The cross-domain issue is one of the main reasons I started my SDS-Proxy project. This is a thin ASP.NET Handler that can live within your own domain space and then talks directly to SDS via HTTP. It also has some advantages as it does more aggressive caching (cuts down on traffic to SDS servers) and 'normalizes' some URLs to make it easier to do cross-container even cross-authority calls.

Check it out here:
http://amundsen.com/examples/ssds/

There are links to the source code there, too.

Hi, not related but seems that all the links on http://www.silverlightdata.com/ are broken...?

Also, RJ, FWIW:

Accessing SDS via the Astoria 'interface' is fairly lightweight from the HTTP/REST side right now. for example, getting a list of entities looks like this:
http://[authority].data.database.windows.net/adods/v1/[container]/Entities()

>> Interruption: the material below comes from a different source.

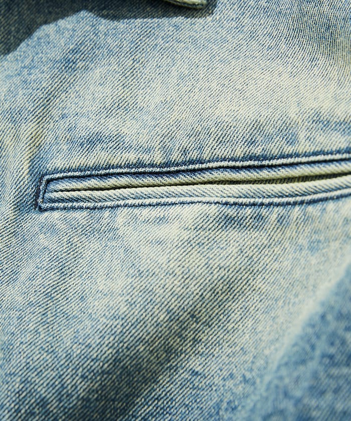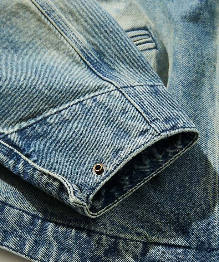 以美國經典工裝「底特律夾克(Detroit Jacket)」為靈感,保留細節並融入現代風格,胸前及兩側設有口袋,兼具設計感與實用性,下擺設有金屬扣,可依需求調整版型,寬鬆的版型、短版剪裁的方正輪廓,展現俐落造型。

Pass the Accept header of "Accept:application/atom+xml"
or
"Accept:application/json"
to control the serialization format

As you pointed out, this is highly 'experimental' and there are lots of loose ends (query format is not LINQ-y), but at least it's easy to pull.


Mike Amundsen,

Good info but the double-hop problem might make going to SDS especially slow. But I'd love to see it when you have something (You might want to consider it for the SilverlightContrib project).

Hmm interesting. But when reading the full documentation of SQL Data Services, I found about another authentication method SDS supports. It's Token-based authentication (username, password), I haven't tried this, yet. But it sounds interesting.